Pushed up by soaring oil prices, America’s trade deficit surged to a record high in the summer, but analysts predicted a slowly improving imbalance in the months ahead.
The current account trade deficit increased 3.9 percent to an all-time high of $225.6 billion in the July-September quarter, the Commerce Department reported Monday.
That third-quarter deficit was equal to 6.8 percent of the total economy, up from 6.6 percent of gross domestic product in the second quarter.
The current account is the broadest measure of trade because it tracks not only the flow of goods and services across borders but also investment flows.
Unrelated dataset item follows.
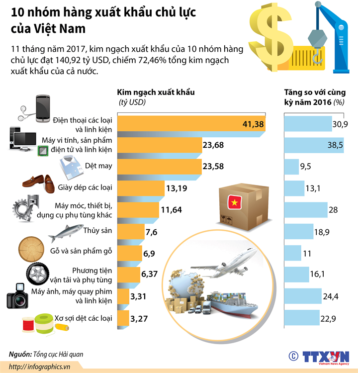 Theo TTXVN Tin liên quan [Infographic] Xuất khẩu gỗ có thể đạt 8 tỷ USD năm 2017 25/10/2017 09:55 [Infographic] Năm 2017, kim ngạch xuất khẩu dệt may ước đạt 31 tỷ USD 13/12/2017 10:12 [Infographic] Ngành mía đường đối mặt nhiều khó khăn 20/11/2017 10:55 [Infographic] Doanh thu thương mại điện tử dự báo đạt 10 tỷ USD vào năm 2020 05/10/2017 10:07 Từ khóa Infographic kim ngạch xuất khẩu 10 nhóm hàng xuất khẩu chủ lực xuất khẩu

It represents the amount of money that must be borrowed from foreigners to make up the difference between imports and exports.
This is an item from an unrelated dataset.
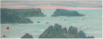 | Belle-Ile-en-Mer, soleil couchant sur les rochers de Goulphar | |
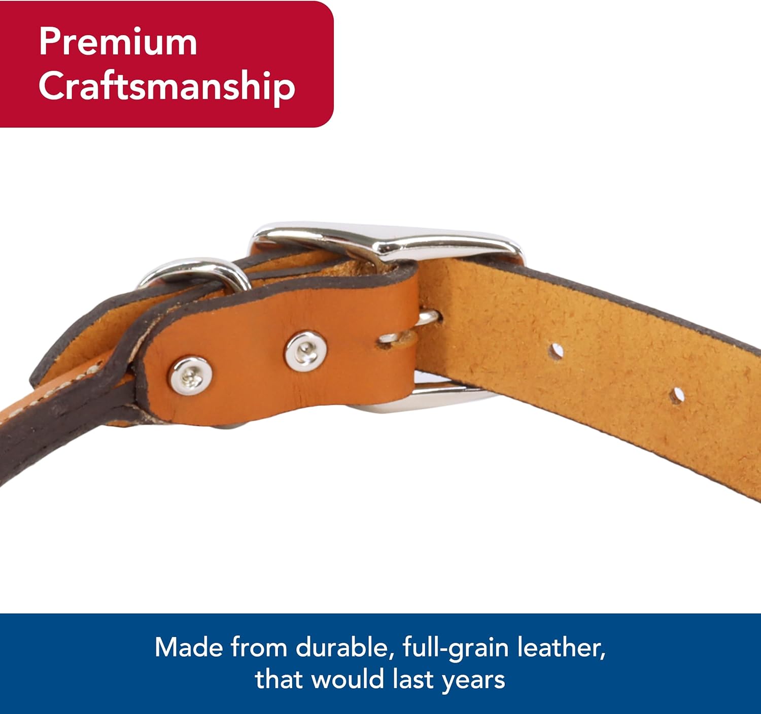 We were looking for a well made collar for our Shih Tzu and this had many good advertising points… handmade, rounded for comfort, etc. Upon its arrival, attached to it was a disclaimer/ warning tag saying it can expose you to nickel, lead, etc. When rubbed with a cloth, it leaves a black mark. We thought a natural leather collar would be safer than a synthetic one…disappointed that this was not posted on the website… now I’m looking for a replacement

At current levels, the United States is borrowing more than $2 billion a day from foreigners to finance the trade deficit.
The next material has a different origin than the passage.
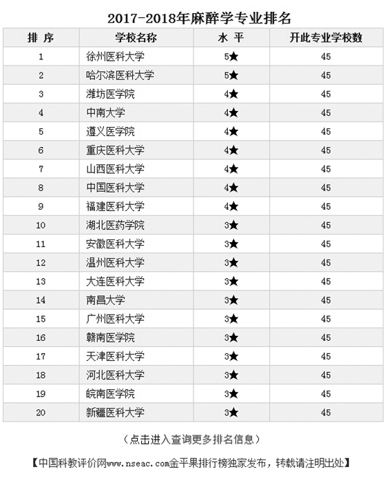 近日,中国科学评价研究中心、武汉大学中国教育质量评价中心和中国科教评价网(www.nseac.com)联合推出《中国大学及学科专业评价报告(2017-2018)》,发布了中国大学本科专业排行榜,共涉及523个本科专业。我校公共事业管理专业和麻醉学专业分别名列全国专业排行前三甲。
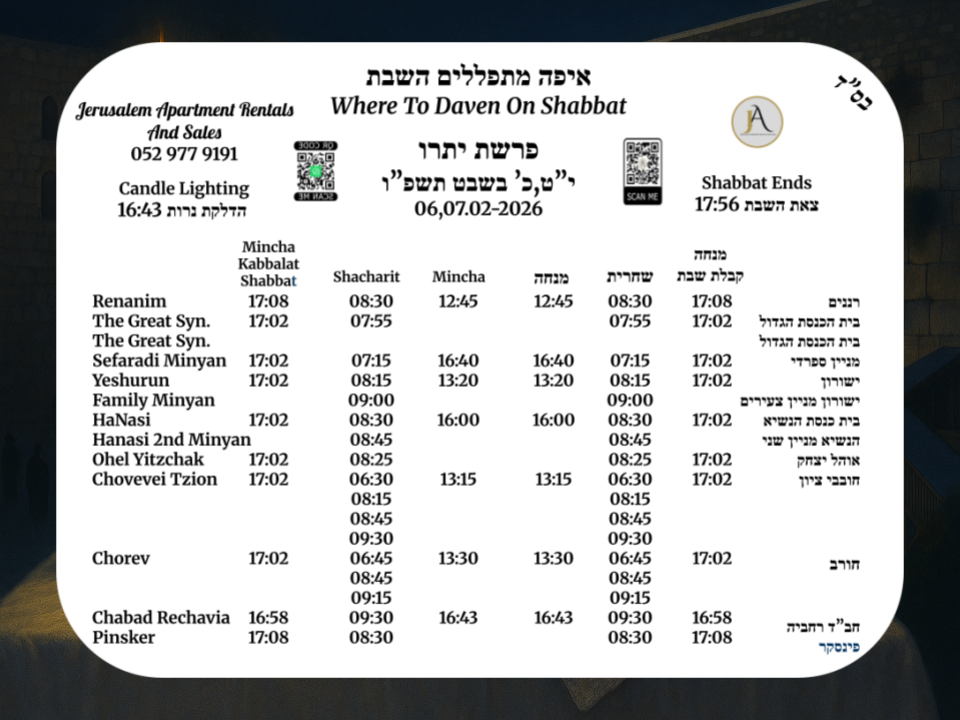 Whether you’re renting, buying ,selling, looking for a Kosher Vacation Apartment, or need professional property management services for your residence, Jerusalem Apartment Rentals and Sales offers the kind of attentive, tailored service that big agencies simply can’t match.

While foreigners have been happy to sell their cars, clothing and computers to Americans and hold dollars in return, the worry is that at some point the desire for dollar-denominated assets could weaken, triggering sharp declines in the value of the dollar and pushing interest rates higher.
Analysts noted that for the third straight quarter, foreigners earned more on their U.S. investments than Americans did on their foreign holdings, sending the deficit in investment flows to a record of $3.8 billion.
The current account deficit is expected to hit a new record for the full year, far surpassing last year’s record of $791.5 billion although some analysts said they believed the third-quarter figure would represent the worst of the deficit numbers.
“Lower oil prices, robust export growth and some cooling in import growth should bring the deficit down, beginning in the fourth quarter,” said Nigel Gault, an economist with Global Insight, a private forecasting firm.
He predicted the deficit would average around $866 billion this year but shrink moderately to $816 billion next year.
But imbalances at this level will still leave U.S. financial markets vulnerable to foreign investment patterns, economists said.
“The expected modest improvement in the current account deficit is not that encouraging since the overall shortfall will remain very large, keeping external financing risks elevated,” said Michael Gregory, an economist at BMO Capital Markets Economics.
Democrats, who took over control of the House and Senate in the November elections, attacked President Bush’s trade policies, charging that the administration has failed to protect U.S. workers from unfair competition from China and other countries.
Treasury Secretary Henry Paulson led a high-level delegation that included seven members of Bush’s Cabinet and Federal Reserve Chairman Ben Bernanke to Beijing last week for two days of talks aimed at resolving long-standing trade problems.
However, the two sides reported no breakthroughs on the biggest issues such as American manufacturers’ complaints that China is manipulating the value of its currency to gain trade advantages.
The $225.6 billion deficit for the third quarter was in line with economists’ expectations. It followed a $217.1 billion shortfall in the April-June quarter and topped the previous record of $223.1 billion in the final three months of last year.
The increase in the shortfall last quarter was led by an $8.1 billion rise in the deficit in goods. More than half the increase reflected a bigger foreign oil bill.
America’s surplus in services, which includes such things as airline tickets, banking services and consultants’ fees, rose by $810 million to $18.3 billion.
The category of unilateral transfers, which includes payments to foreign governments and individuals, rose by $406 million to $21.5 billion in the third quarter.